▶
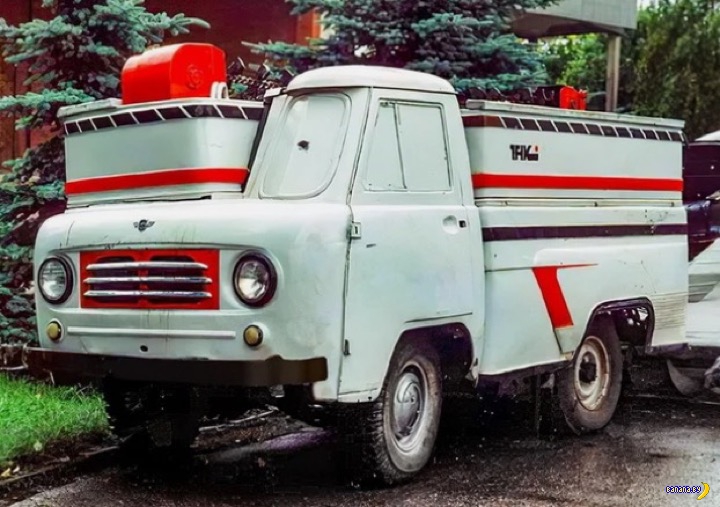 Это самодельная машина для заливки льда на хоккейной арене. Создана на базе УАЗ-452. Совершенно дикое решение, потому что управление из кабины перенесено в заднюю часть кузова, где сидит оператор. И для того, чтобы рулить, от нового руля к старому просунули что-то вроде системы валов. Примечательно, что всё это вполне сносно работало и рулилось.
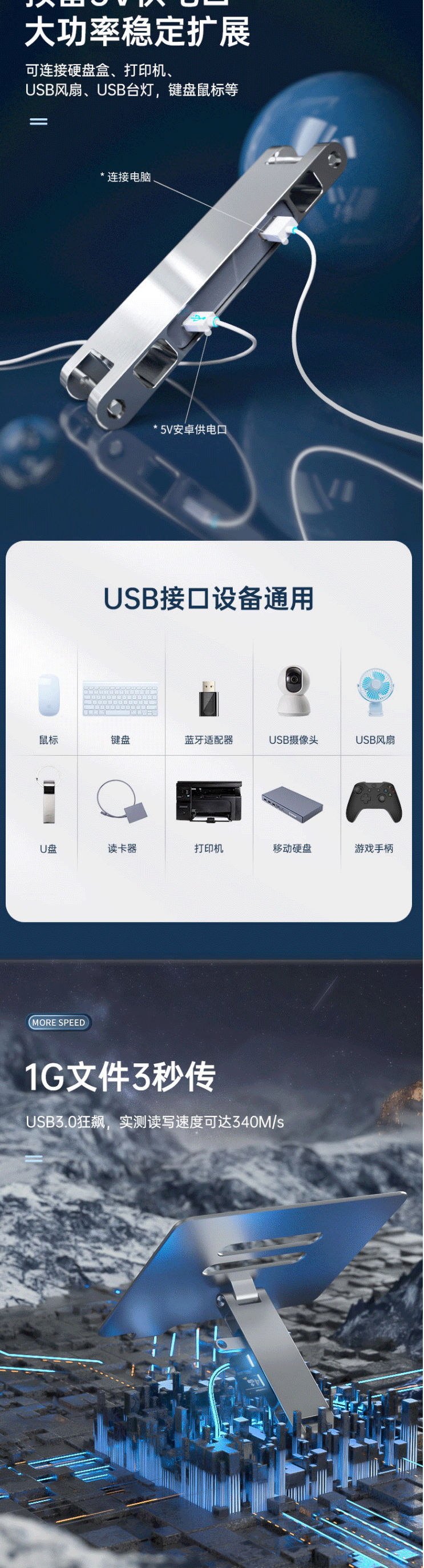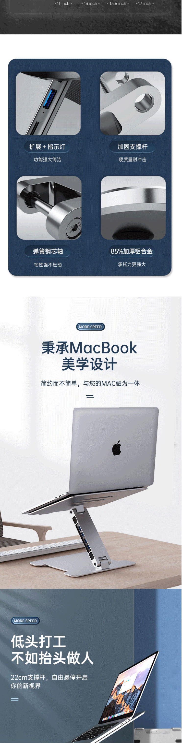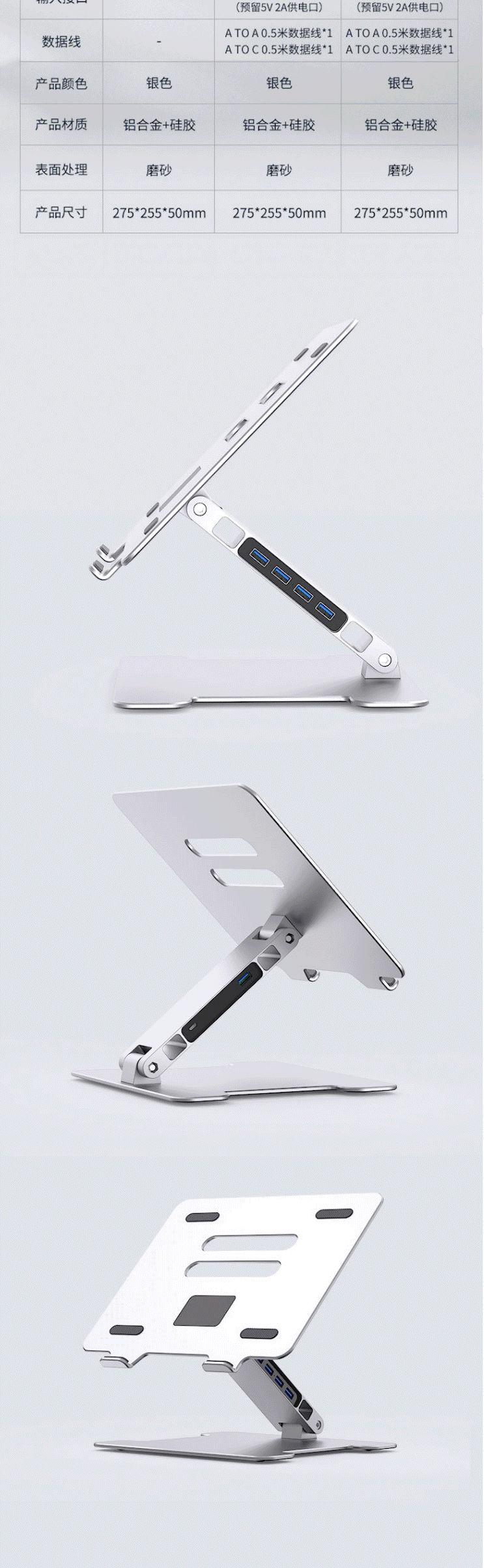 商品名称:奥睿科(ORICO)铝合金笔记本支架扩展坞拓展坞USB3.0 HUB 分线集线器电脑可调升降散热器折叠便携LST-4A
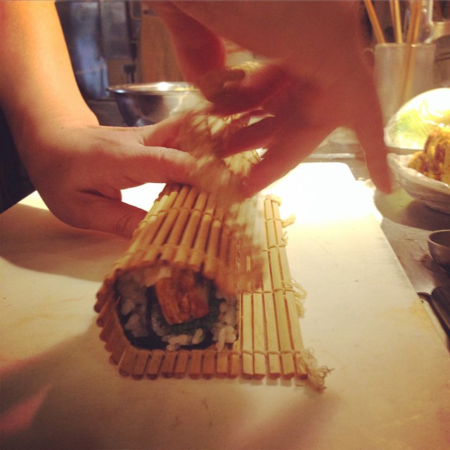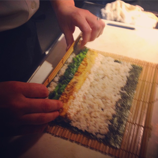 そいやっと巻いて。一本まるまるもよし、ハーフサイズでもお出しできますよ。よかったら、年に一度のリトスタ恵方巻きどうぞ〜限定10本!お持ち帰りご相談ください♩(ぬ)
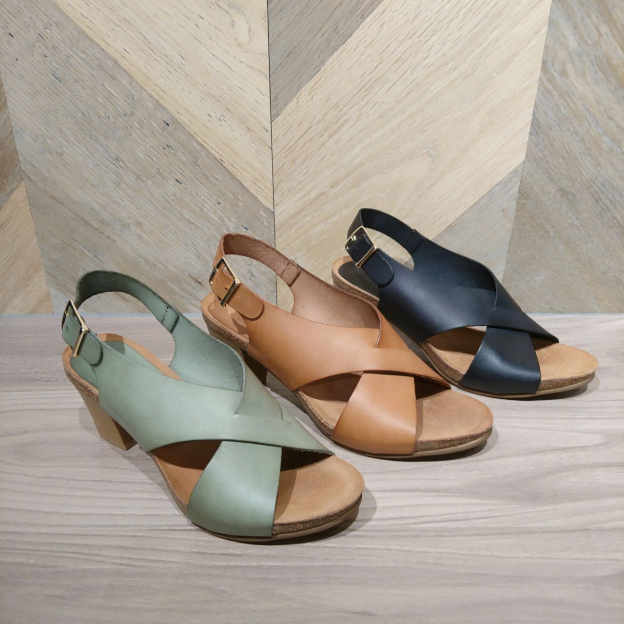 しっかり高さのあるヒールと、つま先のクロス部分がお足を綺麗に見せてくれます!
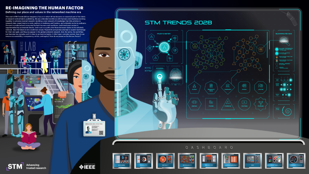 2024 年,STM(International Association of Scientific, Technical and Medical Publishers,国际科学、技术与医学出版协会)发布了趋势报告 STM Trends 2028,主题为 “RE-IMAGINING THE HUMAN FACTOR: Defining our place and values in the networked machine era”(重新构想人类因素:在网络机器时代定义我们的位置和价值)。
◀
_To do_
The result should be an exact copy of the material, containing no pictures.

_Answer space_
 Это самодельная машина для заливки льда на хоккейной арене. Создана на базе УАЗ-452. Совершенно дикое решение, потому что управление из кабины перенесено в заднюю часть кузова, где сидит оператор. И для того, чтобы рулить, от нового руля к старому просунули что-то вроде системы валов. Примечательно, что всё это вполне сносно работало и рулилось.
 商品名称:奥睿科(ORICO)铝合金笔记本支架扩展坞拓展坞USB3.0 HUB 分线集线器电脑可调升降散热器折叠便携LST-4A
 そいやっと巻いて。一本まるまるもよし、ハーフサイズでもお出しできますよ。よかったら、年に一度のリトスタ恵方巻きどうぞ〜限定10本!お持ち帰りご相談ください♩(ぬ)
 しっかり高さのあるヒールと、つま先のクロス部分がお足を綺麗に見せてくれます!
 2024 年,STM(International Association of Scientific, Technical and Medical Publishers,国际科学、技术与医学出版协会)发布了趋势报告 STM Trends 2028,主题为 “RE-IMAGINING THE HUMAN FACTOR: Defining our place and values in the networked machine era”(重新构想人类因素:在网络机器时代定义我们的位置和价值)。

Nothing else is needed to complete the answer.